Friday, 22 January 2010

Draytek Vigor IPPBX 2820 review

V3.co.uk has just published my review of this natty combined ADSL router & IP PBX from Draytek.


Go away, Ovi Suite!

I love my Nokia N86 8MP phone, but Nokia's PC connectivity software is a pile of junk. I've used fought with PC Suite for several years, and tried Ovi Suite 1 but couldn't fathom it at all. PC Suite isn't too bad, except for its huge download size (260MB? Why?) and it insisting on installing Windows drivers every single time you connect (see the pic below if you don't believe me..).


So the other day when Nokia announced its free turn-by-turn guidance upgrade for Ovi Maps, I thought I'd try out version 2 of Ovi Suite. Hah! This bloated pile of poo failed trying to update both itself and the firmware for my phone. It also failed to update the Ovi Maps app on the phone, leaving it broken.

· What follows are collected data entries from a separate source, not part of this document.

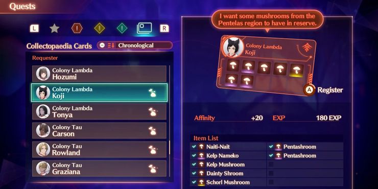 Lo que hace que las cartas de Collectopaedia sean únicas en comparación con las misiones de búsqueda de otros juegos es que los jugadores no necesitan volver a la persona que les dio la misión. Xenoblade crónicas 3 para recibir las recompensas. Una vez que los jugadores obtengan una tarjeta Collectopaedia, busque en el menú Quest para encontrarla. Las tarjetas Collectopaedia están organizadas en varias categorías según los tipos de solicitudes; Es posible que los jugadores necesiten encontrar flores, madera, gemas raras, comida o incluso matar enemigos. Por lo general, el elemento solicitado se puede encontrar en la misma región que el NPC, por lo que los jugadores no necesitarán buscar demasiado para completar la misión de la tarjeta Collectopaedia.
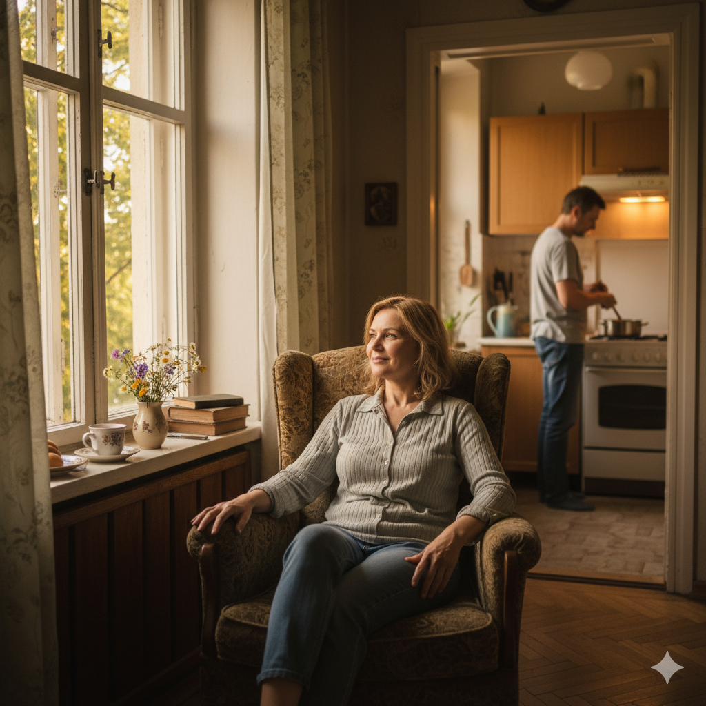 Я сидела в кресле у окна — в том самом, где плакала год назад. Только теперь я не плакала. Я улыбалась.
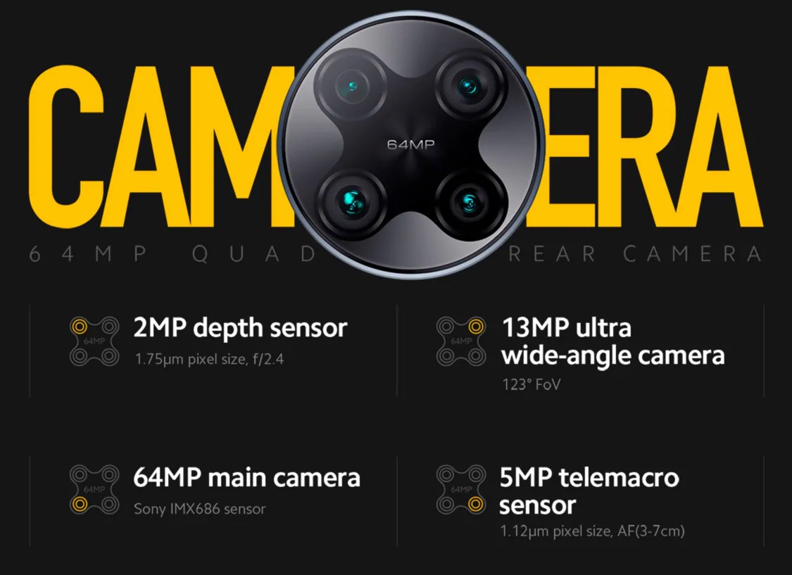 - Le capteur principal de 64 MPixels fourni par Sony et son capteur Sony IMX686 d’une ouverture de f/1.89 garantissant d’excellentes prestations en faible luminosité.
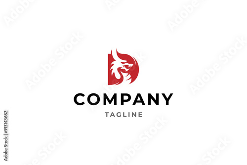 © Dina, Obraz premium dragon logo with letter D in flat vector design
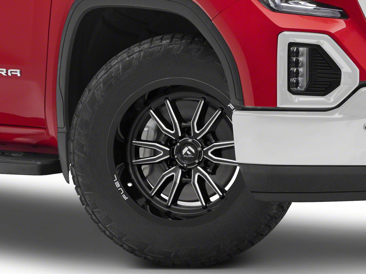Application. This Fuel Wheels Clash Gloss Black Milled 6-Lug Wheel; 20x10; -18mm Offset, with a backspace of 4.791 Inch, 121.7mm and bolt pattern of 6 x 139.7mm (6 x 5.5-Inch), is designed to enhance alignment and driving stability, ensuring a perfect fit with the vehicle model. Specifically designed to fit 2019-2026 Sierra 1500 models, this wheel's specifications contribute to a seamless alignment and stable driving experience by ensuring the wheel fits perfectly within the vehicle's wheel well, reducing the risk of rubbing issues and optimizing handling characteristics. Sold individually.
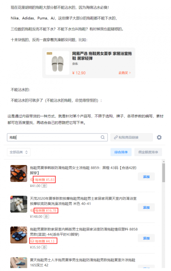 不同的产品,利润都不一样,像拖鞋这种产品,一单利润在4-16块之间,在分享之前要挑销量高的推,用户的心理通常会以这个数据来判断,到底哪款适合买。
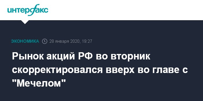 Москва. 28 января. INTERFAX.RU - Рынок акций РФ во вторник скорректировался вверх вслед за мировыми площадками после отката на опасениях по поводу распространения коронавируса в Китае и других странах, индекс МосБиржи отскочил выше 3110 пунктов, при этом лидировали в росте не входящие в расчет индексов бумаги "Мечела" на новостях.
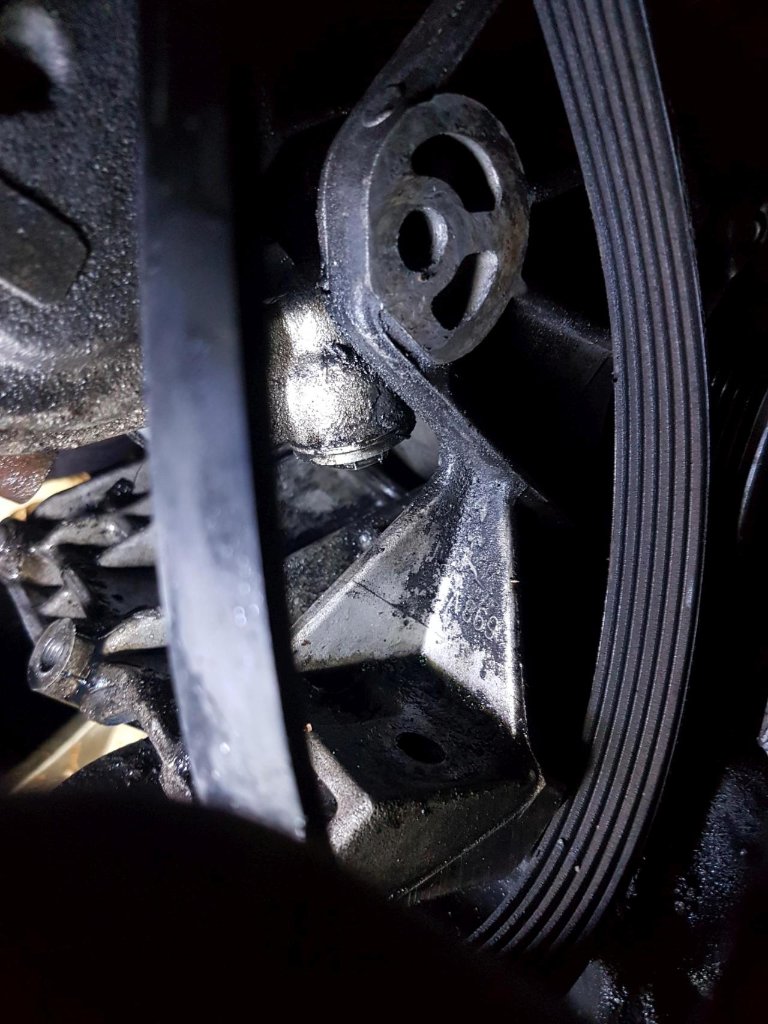 Dann konnte man die Leckage sehen: Da war so eine Verschlusschraube locker, die so eine Feder reindrückt, vermutlich das Bypassventil vom Ölfilter oder eins von der Ölpumpe, die sitzt ja da im rechten Stirndeckel.
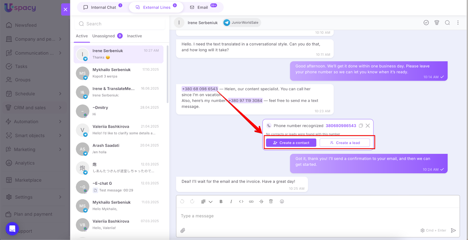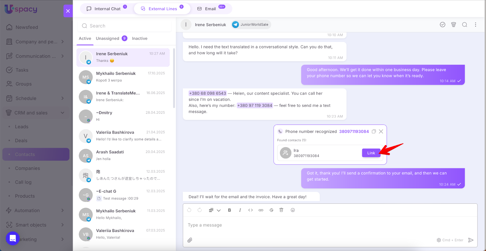 🟣 Automatic phone number recognition in External Channel chats — this helps you quickly identify clients. If a match is found, Uspacy will suggest linking the existing client to the chat; if not, you can instantly create a new lead or contact. Super handy!
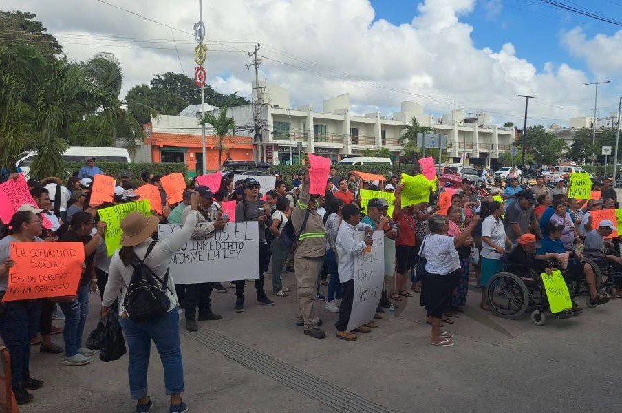 Durante la protesta, el secretario general del Sindicato Único de Trabajadores del Ayuntamiento, Virgilio Kinil Canul, informó que el conflicto se originó por el retraso en el pago del aguinaldo 2025 a 35 jubilados sin pensión y ocho trabajadores activos, quienes no recibieron esta prestación en tiempo y forma.
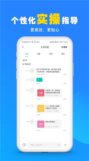 实现三方联动,家长端与康复机构端和康复老师端是实时对应对接的;

After a reinstall I got Maps working, but Ovi Suite was taking hours to sync anything, even over USB. Finally today it took over 2 hours to send a text message, so now I'm happily (well, almost) back on PC Suite.

What is the problem, Nokia:? I'm using Windows 7 and PC Suite integrates much better than the newer Ovi Suite - I don't want a bloody great window appearing when I start my PC, and when it updated itself Ovi Suite sent a 'Restart' message via a Windows 7 compatiblity screen, the first time I've seen this.

Add to this an inability to set detailed sync options in Ovi ('sync' seems to be a one-way option..) and a truly terribly user interface, and there's no wonder people have a dim view of Nokia phones. And we won't even mention the abysmal Ovi Store...not today, anyway.

Just what the world needs

Well, perhaps not. There's hardly a shortage of tech bloggers, but what the hell. I just want somewhere to broadcast and store my thoughts on the industry, so this seems as good a place as any. I have no agenda, just a broad love of science and technology.

Although I've left this post open for comments, at the moment I don't plan to do this for other posts - I've spent too much time over the past years moderating company blogs to want to wade into that swamp again.